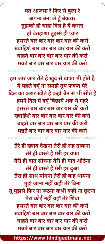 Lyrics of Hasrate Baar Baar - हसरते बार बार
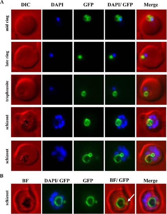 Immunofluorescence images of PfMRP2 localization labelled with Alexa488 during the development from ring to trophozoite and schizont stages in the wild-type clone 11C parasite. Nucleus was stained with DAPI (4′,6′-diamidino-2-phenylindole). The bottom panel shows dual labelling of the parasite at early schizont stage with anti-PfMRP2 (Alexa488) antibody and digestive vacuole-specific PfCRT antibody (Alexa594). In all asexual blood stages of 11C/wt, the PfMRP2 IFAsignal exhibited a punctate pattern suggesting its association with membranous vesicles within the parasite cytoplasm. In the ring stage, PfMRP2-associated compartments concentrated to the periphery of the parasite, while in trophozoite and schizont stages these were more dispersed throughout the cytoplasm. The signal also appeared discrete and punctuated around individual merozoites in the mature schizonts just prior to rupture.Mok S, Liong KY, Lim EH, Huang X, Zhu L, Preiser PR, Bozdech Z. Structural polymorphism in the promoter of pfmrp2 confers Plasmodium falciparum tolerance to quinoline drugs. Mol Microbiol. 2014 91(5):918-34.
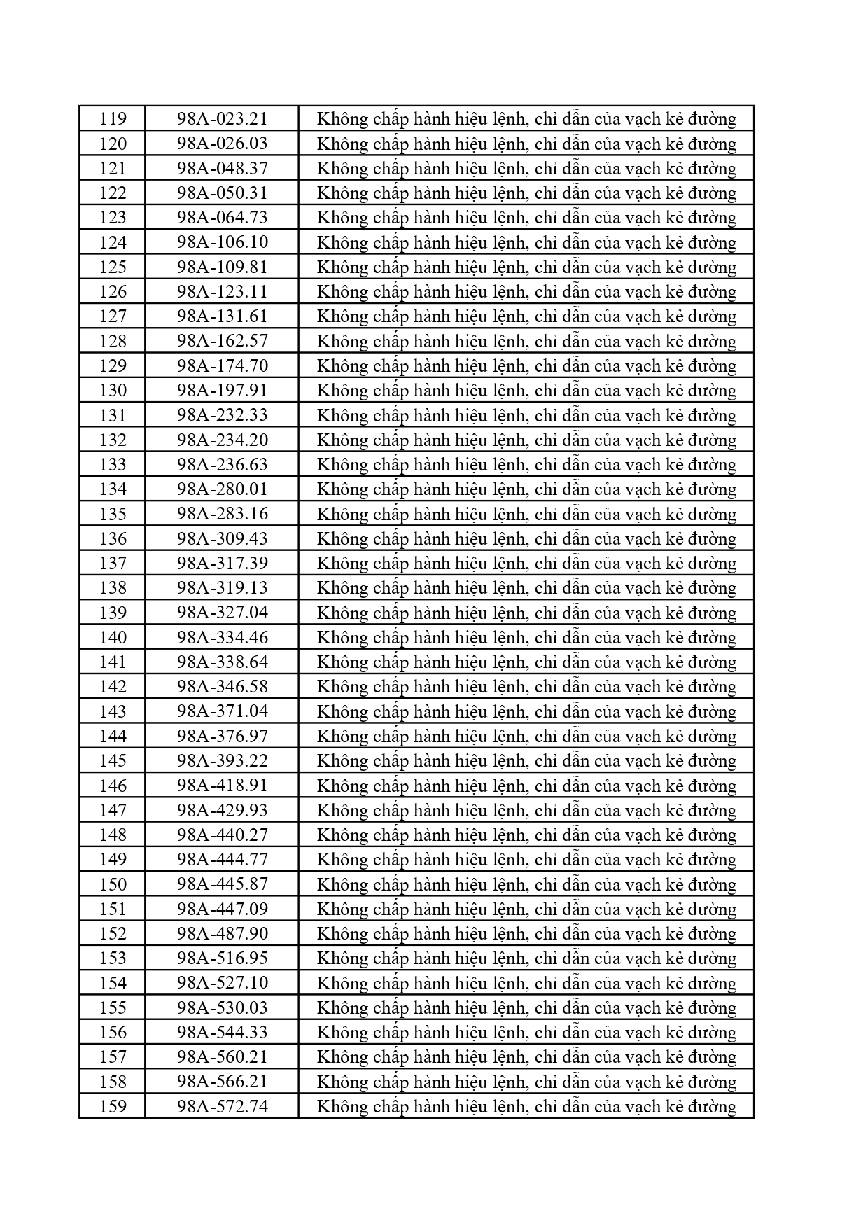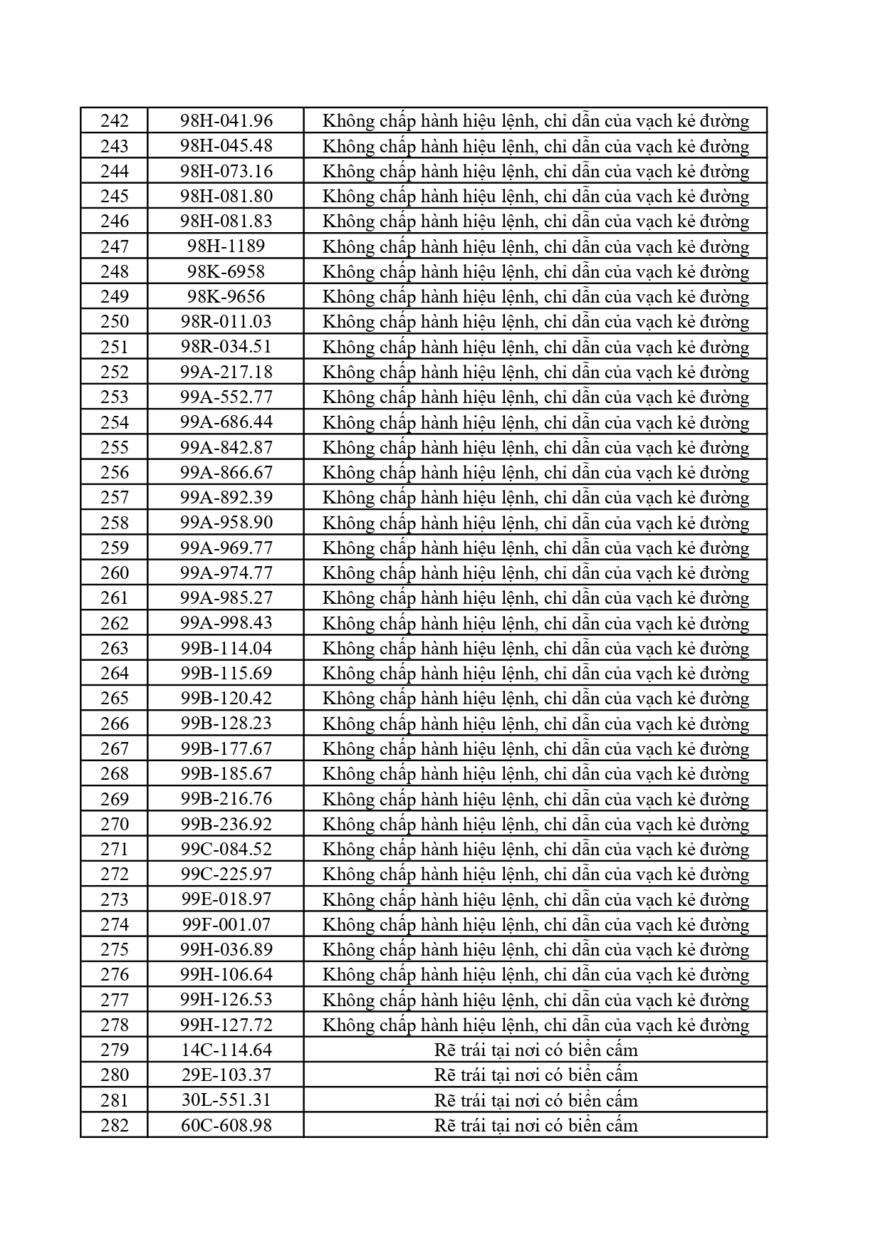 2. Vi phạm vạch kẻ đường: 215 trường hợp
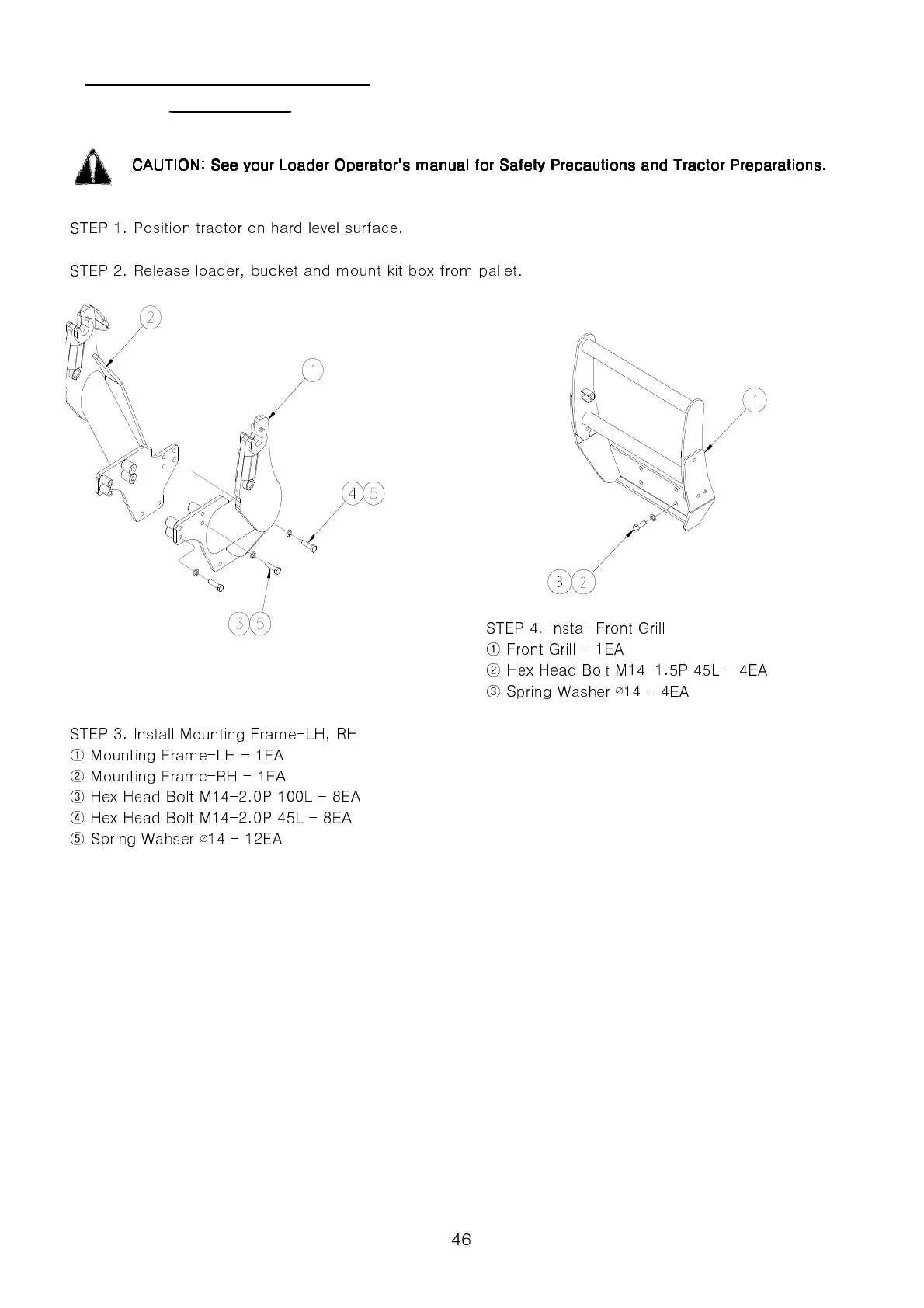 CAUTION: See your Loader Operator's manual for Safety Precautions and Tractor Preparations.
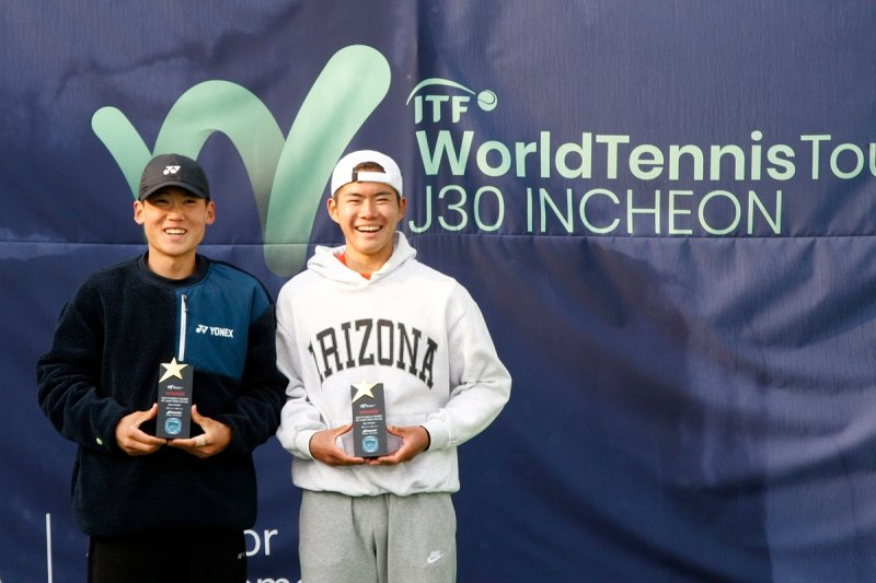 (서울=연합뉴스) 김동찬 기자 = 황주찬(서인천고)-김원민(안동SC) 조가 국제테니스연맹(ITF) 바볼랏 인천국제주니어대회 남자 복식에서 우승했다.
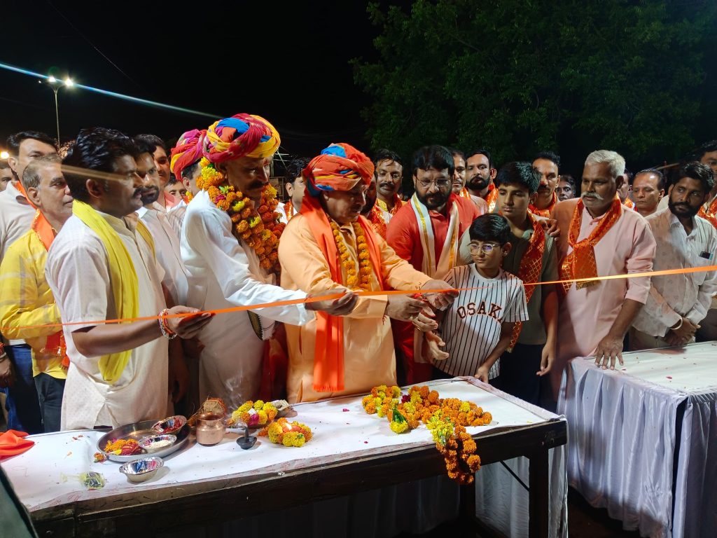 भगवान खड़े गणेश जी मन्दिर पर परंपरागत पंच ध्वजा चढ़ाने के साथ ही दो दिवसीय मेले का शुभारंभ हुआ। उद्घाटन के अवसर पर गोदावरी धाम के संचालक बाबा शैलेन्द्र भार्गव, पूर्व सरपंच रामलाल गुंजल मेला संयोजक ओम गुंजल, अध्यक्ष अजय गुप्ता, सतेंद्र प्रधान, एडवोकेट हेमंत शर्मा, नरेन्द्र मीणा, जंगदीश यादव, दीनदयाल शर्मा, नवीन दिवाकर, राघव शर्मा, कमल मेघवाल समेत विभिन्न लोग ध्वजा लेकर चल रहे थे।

***

Problem to work on> Reproduce the data in full. Do not carry over any picture.

Response area>
 Lyrics of Hasrate Baar Baar - हसरते बार बार
 Immunofluorescence images of PfMRP2 localization labelled with Alexa488 during the development from ring to trophozoite and schizont stages in the wild-type clone 11C parasite. Nucleus was stained with DAPI (4′,6′-diamidino-2-phenylindole). The bottom panel shows dual labelling of the parasite at early schizont stage with anti-PfMRP2 (Alexa488) antibody and digestive vacuole-specific PfCRT antibody (Alexa594). In all asexual blood stages of 11C/wt, the PfMRP2 IFAsignal exhibited a punctate pattern suggesting its association with membranous vesicles within the parasite cytoplasm. In the ring stage, PfMRP2-associated compartments concentrated to the periphery of the parasite, while in trophozoite and schizont stages these were more dispersed throughout the cytoplasm. The signal also appeared discrete and punctuated around individual merozoites in the mature schizonts just prior to rupture.Mok S, Liong KY, Lim EH, Huang X, Zhu L, Preiser PR, Bozdech Z. Structural polymorphism in the promoter of pfmrp2 confers Plasmodium falciparum tolerance to quinoline drugs. Mol Microbiol. 2014 91(5):918-34.
 2. Vi phạm vạch kẻ đường: 215 trường hợp
 CAUTION: See your Loader Operator's manual for Safety Precautions and Tractor Preparations.
 (서울=연합뉴스) 김동찬 기자 = 황주찬(서인천고)-김원민(안동SC) 조가 국제테니스연맹(ITF) 바볼랏 인천국제주니어대회 남자 복식에서 우승했다.
 भगवान खड़े गणेश जी मन्दिर पर परंपरागत पंच ध्वजा चढ़ाने के साथ ही दो दिवसीय मेले का शुभारंभ हुआ। उद्घाटन के अवसर पर गोदावरी धाम के संचालक बाबा शैलेन्द्र भार्गव, पूर्व सरपंच रामलाल गुंजल मेला संयोजक ओम गुंजल, अध्यक्ष अजय गुप्ता, सतेंद्र प्रधान, एडवोकेट हेमंत शर्मा, नरेन्द्र मीणा, जंगदीश यादव, दीनदयाल शर्मा, नवीन दिवाकर, राघव शर्मा, कमल मेघवाल समेत विभिन्न लोग ध्वजा लेकर चल रहे थे।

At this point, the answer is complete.